(How to complete this task): Copy every line of the data that contains the string "white".

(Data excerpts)
————
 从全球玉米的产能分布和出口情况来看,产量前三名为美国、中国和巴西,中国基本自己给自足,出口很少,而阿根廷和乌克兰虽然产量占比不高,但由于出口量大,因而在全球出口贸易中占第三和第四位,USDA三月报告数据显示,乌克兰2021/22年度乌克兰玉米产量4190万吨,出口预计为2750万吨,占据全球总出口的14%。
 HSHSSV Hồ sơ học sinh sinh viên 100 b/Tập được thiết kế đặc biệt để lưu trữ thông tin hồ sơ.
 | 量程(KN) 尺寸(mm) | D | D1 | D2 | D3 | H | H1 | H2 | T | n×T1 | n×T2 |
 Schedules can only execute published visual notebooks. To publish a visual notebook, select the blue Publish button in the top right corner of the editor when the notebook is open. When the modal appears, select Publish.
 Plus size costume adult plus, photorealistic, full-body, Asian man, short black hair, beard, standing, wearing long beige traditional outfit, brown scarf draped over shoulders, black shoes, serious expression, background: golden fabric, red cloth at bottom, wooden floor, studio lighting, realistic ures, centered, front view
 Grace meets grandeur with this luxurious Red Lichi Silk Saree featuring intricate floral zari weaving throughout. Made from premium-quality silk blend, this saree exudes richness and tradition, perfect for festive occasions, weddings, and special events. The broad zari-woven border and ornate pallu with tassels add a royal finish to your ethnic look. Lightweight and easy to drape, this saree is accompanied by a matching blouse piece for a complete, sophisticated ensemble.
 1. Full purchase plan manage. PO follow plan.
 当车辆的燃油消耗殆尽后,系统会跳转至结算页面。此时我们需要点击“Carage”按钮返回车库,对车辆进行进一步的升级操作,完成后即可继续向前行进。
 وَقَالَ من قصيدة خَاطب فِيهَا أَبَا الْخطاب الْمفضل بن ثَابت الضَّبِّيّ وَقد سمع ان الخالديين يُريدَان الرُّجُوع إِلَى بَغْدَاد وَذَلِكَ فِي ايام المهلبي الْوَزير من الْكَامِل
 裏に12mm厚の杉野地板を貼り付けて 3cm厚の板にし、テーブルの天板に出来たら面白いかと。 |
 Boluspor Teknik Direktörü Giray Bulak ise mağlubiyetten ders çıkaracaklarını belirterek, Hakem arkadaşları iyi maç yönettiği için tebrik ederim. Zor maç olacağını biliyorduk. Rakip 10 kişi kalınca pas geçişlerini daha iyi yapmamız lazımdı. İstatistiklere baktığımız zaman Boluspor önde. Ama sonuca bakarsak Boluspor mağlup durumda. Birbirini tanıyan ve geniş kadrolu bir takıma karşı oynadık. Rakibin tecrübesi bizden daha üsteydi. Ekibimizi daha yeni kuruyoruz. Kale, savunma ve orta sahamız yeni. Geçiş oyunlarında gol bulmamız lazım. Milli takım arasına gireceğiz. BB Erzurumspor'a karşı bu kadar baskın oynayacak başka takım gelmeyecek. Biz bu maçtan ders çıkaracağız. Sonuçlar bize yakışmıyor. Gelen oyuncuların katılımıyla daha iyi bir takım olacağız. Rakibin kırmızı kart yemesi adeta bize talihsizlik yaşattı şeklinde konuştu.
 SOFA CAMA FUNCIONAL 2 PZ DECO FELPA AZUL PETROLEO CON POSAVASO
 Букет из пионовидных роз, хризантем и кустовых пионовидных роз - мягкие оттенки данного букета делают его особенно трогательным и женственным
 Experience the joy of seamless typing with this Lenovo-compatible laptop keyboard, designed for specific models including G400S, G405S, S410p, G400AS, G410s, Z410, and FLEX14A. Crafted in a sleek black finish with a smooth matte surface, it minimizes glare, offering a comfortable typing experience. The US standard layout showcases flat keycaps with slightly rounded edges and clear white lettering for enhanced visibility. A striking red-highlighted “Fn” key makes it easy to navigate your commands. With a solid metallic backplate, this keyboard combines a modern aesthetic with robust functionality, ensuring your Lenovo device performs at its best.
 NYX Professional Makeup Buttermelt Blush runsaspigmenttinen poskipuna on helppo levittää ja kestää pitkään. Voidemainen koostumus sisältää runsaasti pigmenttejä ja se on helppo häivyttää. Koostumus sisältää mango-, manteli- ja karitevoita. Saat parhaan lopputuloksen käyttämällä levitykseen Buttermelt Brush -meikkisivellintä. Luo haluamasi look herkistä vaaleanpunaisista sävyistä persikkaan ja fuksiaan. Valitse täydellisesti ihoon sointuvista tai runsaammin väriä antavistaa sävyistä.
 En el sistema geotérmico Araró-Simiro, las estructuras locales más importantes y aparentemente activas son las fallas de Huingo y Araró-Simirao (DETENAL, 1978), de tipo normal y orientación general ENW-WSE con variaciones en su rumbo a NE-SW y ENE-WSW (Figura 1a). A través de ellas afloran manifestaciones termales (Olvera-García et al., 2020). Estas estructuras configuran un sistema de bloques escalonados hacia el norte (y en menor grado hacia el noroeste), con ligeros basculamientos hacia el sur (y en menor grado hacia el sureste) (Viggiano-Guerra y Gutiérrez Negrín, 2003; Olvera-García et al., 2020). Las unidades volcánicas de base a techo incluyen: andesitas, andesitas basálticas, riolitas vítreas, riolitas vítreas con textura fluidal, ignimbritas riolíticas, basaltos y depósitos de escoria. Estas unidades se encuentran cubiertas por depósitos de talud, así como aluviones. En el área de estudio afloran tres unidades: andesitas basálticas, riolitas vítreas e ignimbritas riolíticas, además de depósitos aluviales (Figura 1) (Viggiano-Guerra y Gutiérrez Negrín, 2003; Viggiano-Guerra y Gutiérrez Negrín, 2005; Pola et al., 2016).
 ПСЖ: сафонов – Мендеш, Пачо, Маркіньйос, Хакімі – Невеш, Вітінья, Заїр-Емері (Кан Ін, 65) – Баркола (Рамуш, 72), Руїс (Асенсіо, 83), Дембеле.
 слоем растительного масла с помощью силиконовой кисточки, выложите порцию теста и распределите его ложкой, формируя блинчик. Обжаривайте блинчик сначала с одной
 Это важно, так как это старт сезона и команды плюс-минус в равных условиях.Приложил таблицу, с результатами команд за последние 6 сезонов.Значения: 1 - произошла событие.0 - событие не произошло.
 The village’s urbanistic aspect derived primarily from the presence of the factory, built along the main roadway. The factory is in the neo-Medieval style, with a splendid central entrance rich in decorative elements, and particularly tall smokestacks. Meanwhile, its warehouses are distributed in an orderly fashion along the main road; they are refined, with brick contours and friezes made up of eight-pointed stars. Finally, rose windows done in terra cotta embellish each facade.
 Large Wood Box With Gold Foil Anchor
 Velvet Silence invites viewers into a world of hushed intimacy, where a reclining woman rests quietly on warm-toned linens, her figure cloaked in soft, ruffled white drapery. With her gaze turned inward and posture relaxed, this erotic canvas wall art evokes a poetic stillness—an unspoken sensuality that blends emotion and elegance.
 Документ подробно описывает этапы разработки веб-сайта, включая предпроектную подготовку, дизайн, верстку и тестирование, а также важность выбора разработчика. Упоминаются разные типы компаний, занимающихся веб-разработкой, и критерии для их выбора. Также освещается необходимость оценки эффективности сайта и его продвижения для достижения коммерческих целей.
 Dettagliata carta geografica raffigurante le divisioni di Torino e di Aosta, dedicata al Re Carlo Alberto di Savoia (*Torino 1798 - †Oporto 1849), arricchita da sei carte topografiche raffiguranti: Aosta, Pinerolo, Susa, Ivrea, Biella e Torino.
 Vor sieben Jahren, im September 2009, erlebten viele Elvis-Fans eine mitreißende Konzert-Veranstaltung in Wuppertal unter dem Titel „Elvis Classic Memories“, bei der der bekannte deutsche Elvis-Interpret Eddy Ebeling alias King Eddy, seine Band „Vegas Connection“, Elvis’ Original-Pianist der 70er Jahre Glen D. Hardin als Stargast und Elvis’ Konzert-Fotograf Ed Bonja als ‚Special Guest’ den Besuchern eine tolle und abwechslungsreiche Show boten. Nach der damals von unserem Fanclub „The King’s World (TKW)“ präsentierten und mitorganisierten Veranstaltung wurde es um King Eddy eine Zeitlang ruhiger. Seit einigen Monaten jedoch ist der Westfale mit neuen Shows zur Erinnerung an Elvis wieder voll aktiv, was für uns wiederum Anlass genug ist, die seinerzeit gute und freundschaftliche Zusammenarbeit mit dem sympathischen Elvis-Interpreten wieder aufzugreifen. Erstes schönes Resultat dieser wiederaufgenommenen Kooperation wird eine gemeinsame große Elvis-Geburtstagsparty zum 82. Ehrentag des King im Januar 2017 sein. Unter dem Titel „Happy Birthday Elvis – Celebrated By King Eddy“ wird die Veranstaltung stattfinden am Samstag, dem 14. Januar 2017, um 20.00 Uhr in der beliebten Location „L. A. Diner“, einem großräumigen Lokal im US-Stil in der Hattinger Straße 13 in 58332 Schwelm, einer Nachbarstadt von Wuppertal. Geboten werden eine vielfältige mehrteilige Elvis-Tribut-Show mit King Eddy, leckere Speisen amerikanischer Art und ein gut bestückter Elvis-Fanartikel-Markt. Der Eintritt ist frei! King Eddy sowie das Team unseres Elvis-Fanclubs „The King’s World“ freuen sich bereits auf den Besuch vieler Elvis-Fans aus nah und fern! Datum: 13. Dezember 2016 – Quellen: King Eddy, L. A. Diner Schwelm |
————
(Exercise solution):
 Experience the joy of seamless typing with this Lenovo-compatible laptop keyboard, designed for specific models including G400S, G405S, S410p, G400AS, G410s, Z410, and FLEX14A. Crafted in a sleek black finish with a smooth matte surface, it minimizes glare, offering a comfortable typing experience. The US standard layout showcases flat keycaps with slightly rounded edges and clear white lettering for enhanced visibility. A striking red-highlighted “Fn” key makes it easy to navigate your commands. With a solid metallic backplate, this keyboard combines a modern aesthetic with robust functionality, ensuring your Lenovo device performs at its best.
 Velvet Silence invites viewers into a world of hushed intimacy, where a reclining woman rests quietly on warm-toned linens, her figure cloaked in soft, ruffled white drapery. With her gaze turned inward and posture relaxed, this erotic canvas wall art evokes a poetic stillness—an unspoken sensuality that blends emotion and elegance.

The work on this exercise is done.